# Looking to buy Phosphorus, to make Blue LED's white



## mds82 (May 4, 2011)

I know that White LED's are Blue Die's with a phosphorus coating. What i am looking to do is something custom and i am looking for the phosphorus needed to make the blue light white. 

I know that with the Philips 60w equivalent bulb, they are using Blue LED's and then the outside yellow part converts it to white light. I know its the whole idea behind the remote phosphorus and I'l looking to do something similar







does anyone have any suggestions on what type of phosphorus to use / where to get it, etc ?
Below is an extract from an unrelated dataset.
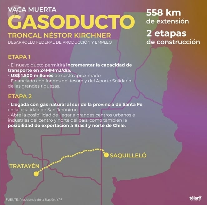 La obra conectará la zona de producción de hidrocarburos no convencionales de Vaca Muerta, en la localidad de Tratayén, en Neuquén, y permitirá ampliar un 25% la capacidad del sistema de transporte de gas natural y ayudará a desarrollar la producción creciente en Vaca Muerta.

Thanks in advance for the help


----------



## HarryN (May 4, 2011)

Intematix


----------



## Harold_B (May 4, 2011)

How many of what are you looking to make? There are several manufacturers of inorganic phosphors like those typically used in LEDs and in the remote phosphor bulbs like the Philips you show. There are also organic phosphors (dyes) that are mostly used for lasers and solar applications but are being used in LED neon bulb replacements. Most of the inorganic phosphor manufacturers will have spectral data available for the individual phosphors but not for blends. You are on your own there (it's a patent mine field). In other words, what color do want and if you want white how important is CRI?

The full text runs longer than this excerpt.